Please transcribe, word for word, only the lines from the one containing "The public is" through the last line of the records below, both included, and leave out every picture.

*** Begin section ***

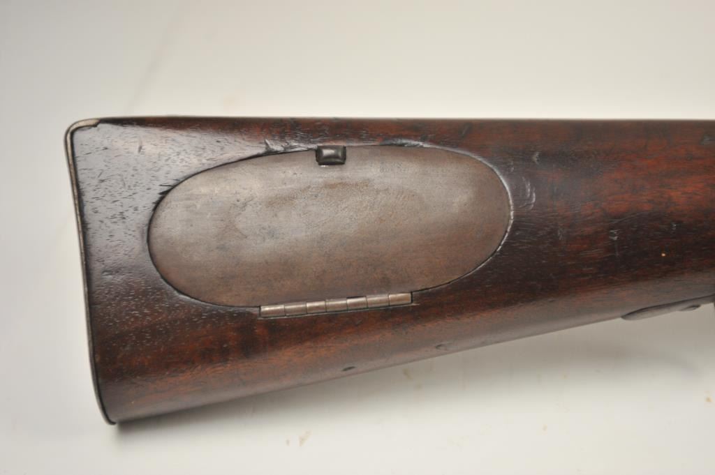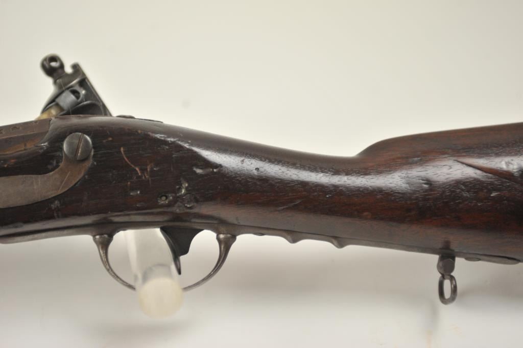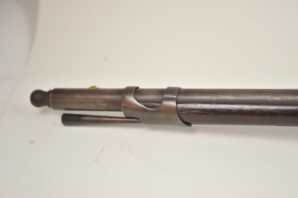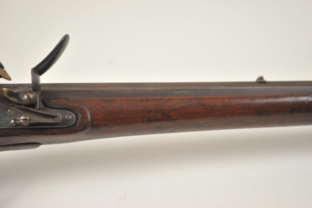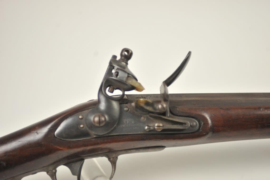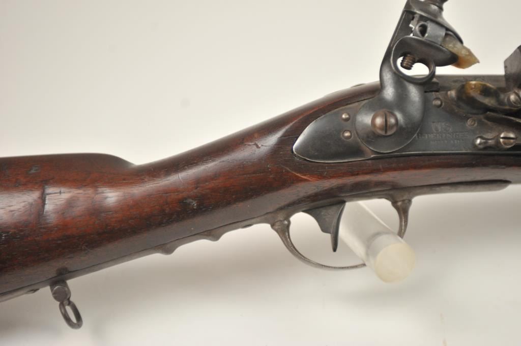 U.S. Model 1814 Common rifle by Henry Derringer with a 33 3/16” barrel marked with a large U.S. on the lock and H. Derringer, Phila. Also marked in two lines on the barrel, .54 caliber rifled and expertlyre-converted back to flintlock from percussion. The stock shows some restoration and refinishing and a couple areas of small losses of wood during use. Only 2,000 were delivered by H. Derringer, who’s name becameinfamous with the Lincoln assassination pistol. The rifle is in N.R.A. good overall condition. Est.: $1,400-$2,800. (Antique).
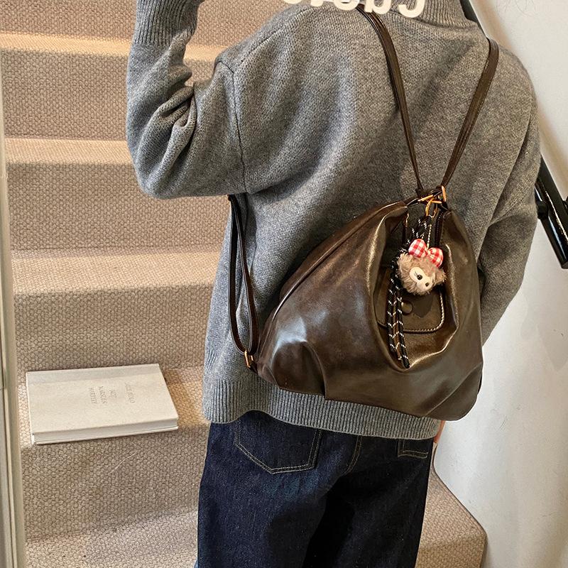 Сумка большой вместимости Женская высококлассная сумка-тоут для поездок на работу Двойная плечевая Одноплечевая Кроссбоди Рюкзак no pendant темно-коричневого
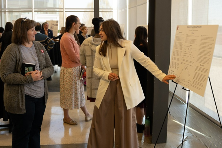 The public is invited to IU Columbus on April 16, 2024, to learn about student research projects covering a wide variety of topics, including naturally occurring plastics, the opioid crises’ effect on the economy, how to support human trafficking survivors, and much more.
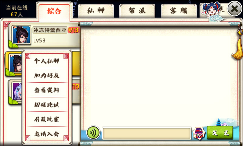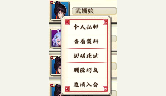 功能:聊天、查看資料、切磋比武、邀請入會、查看好友度。
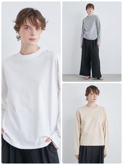 トレンドに左右されず、ベーシックに使えるロンTは確実に重宝するはず。程よく厚みのあるしっかりとした生地もポイントです。メインとしてはもちろん、スウェットなどのインナーにも◎。
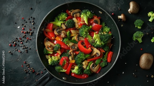 Vibrant stir fried vegetables featuring bell peppers broccoli and mushrooms displayed in a pan on a dark textured background with scattered peppercorns
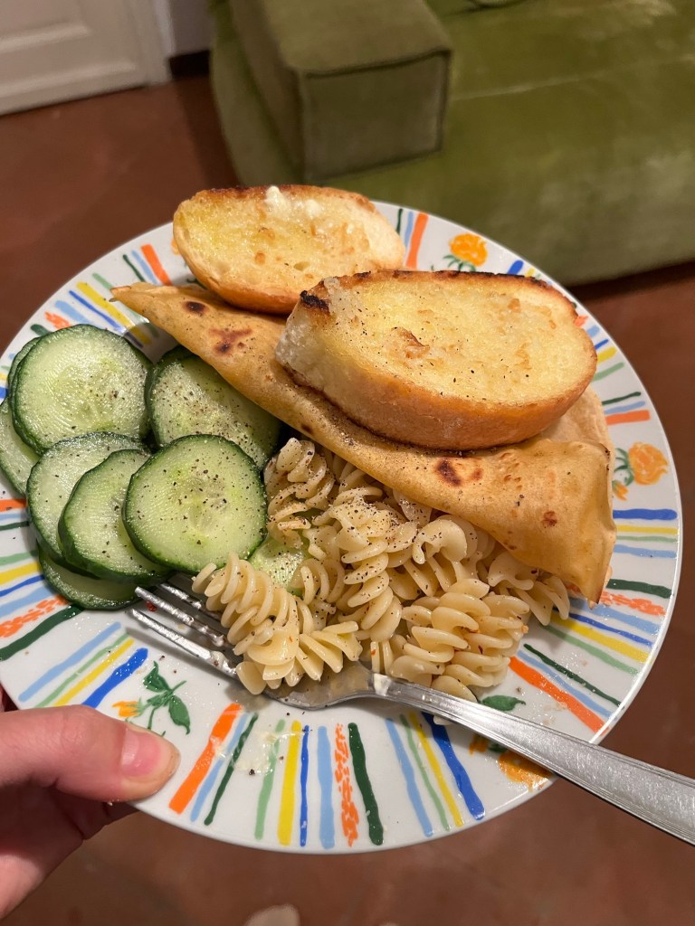 Soon they were gone and having not bought more food we cobbled together a tiny amount of pasta, some garlic bread and some pancakes. There was some cucumber too. As we sat on the sofa we realised just how long we would have to be in the tent when we managed to use it again. Apart from the deadweight we were carrying, it was also really expensive to
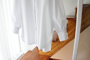 ; 깔끔한 셔츠로 소매 볼륨감을 주어
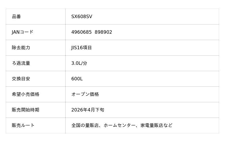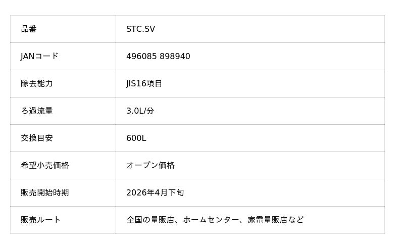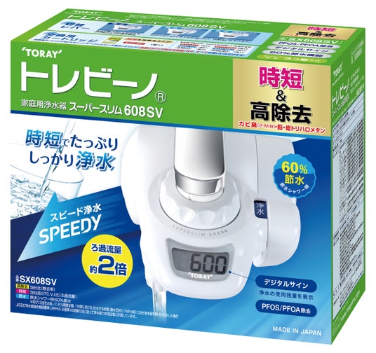 東レ株式会社(本社:東京都中央区、代表取締役社長:大矢 光雄)は、家庭用浄水器「トレビーノ(R)」の蛇口直結型「スーパーシリーズ」から、時短浄水と高除去性能を両立した新カートリッジを搭載した最上位モデル※1「スーパースリム608SV」を2026年4月下旬より発売します。さらに本カートリッジは、既存の蛇口直結型「スーパーシリーズ」にも使用可能であり、交換用カートリッジ「STC.SV」も同時発売します。
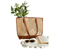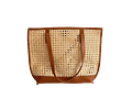 Cartera de cuero con tejido enjuncado en fibra natural y cierre magnético.
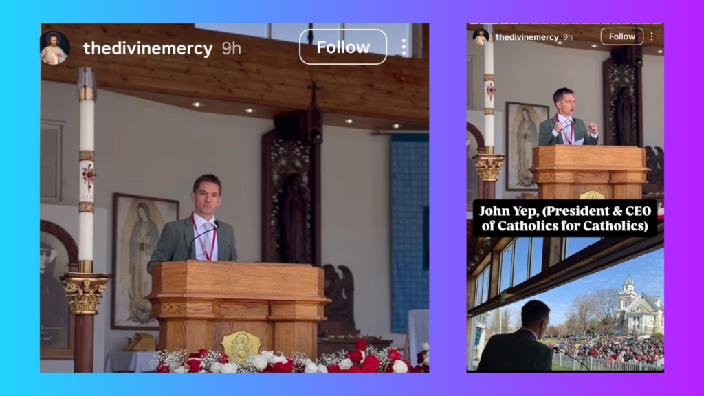 That is what we did yesterday at the Divine Mercy event, and I could not be more grateful to all of you for your support. We are humbled by your prayers and backing of Catholics for Catholics.

*** End section ***

# SOLUTION:
 The public is invited to IU Columbus on April 16, 2024, to learn about student research projects covering a wide variety of topics, including naturally occurring plastics, the opioid crises’ effect on the economy, how to support human trafficking survivors, and much more.
 功能:聊天、查看資料、切磋比武、邀請入會、查看好友度。
 トレンドに左右されず、ベーシックに使えるロンTは確実に重宝するはず。程よく厚みのあるしっかりとした生地もポイントです。メインとしてはもちろん、スウェットなどのインナーにも◎。
 Vibrant stir fried vegetables featuring bell peppers broccoli and mushrooms displayed in a pan on a dark textured background with scattered peppercorns
 Soon they were gone and having not bought more food we cobbled together a tiny amount of pasta, some garlic bread and some pancakes. There was some cucumber too. As we sat on the sofa we realised just how long we would have to be in the tent when we managed to use it again. Apart from the deadweight we were carrying, it was also really expensive to
 ; 깔끔한 셔츠로 소매 볼륨감을 주어
 東レ株式会社(本社:東京都中央区、代表取締役社長:大矢 光雄)は、家庭用浄水器「トレビーノ(R)」の蛇口直結型「スーパーシリーズ」から、時短浄水と高除去性能を両立した新カートリッジを搭載した最上位モデル※1「スーパースリム608SV」を2026年4月下旬より発売します。さらに本カートリッジは、既存の蛇口直結型「スーパーシリーズ」にも使用可能であり、交換用カートリッジ「STC.SV」も同時発売します。
 Cartera de cuero con tejido enjuncado en fibra natural y cierre magnético.
 That is what we did yesterday at the Divine Mercy event, and I could not be more grateful to all of you for your support. We are humbled by your prayers and backing of Catholics for Catholics.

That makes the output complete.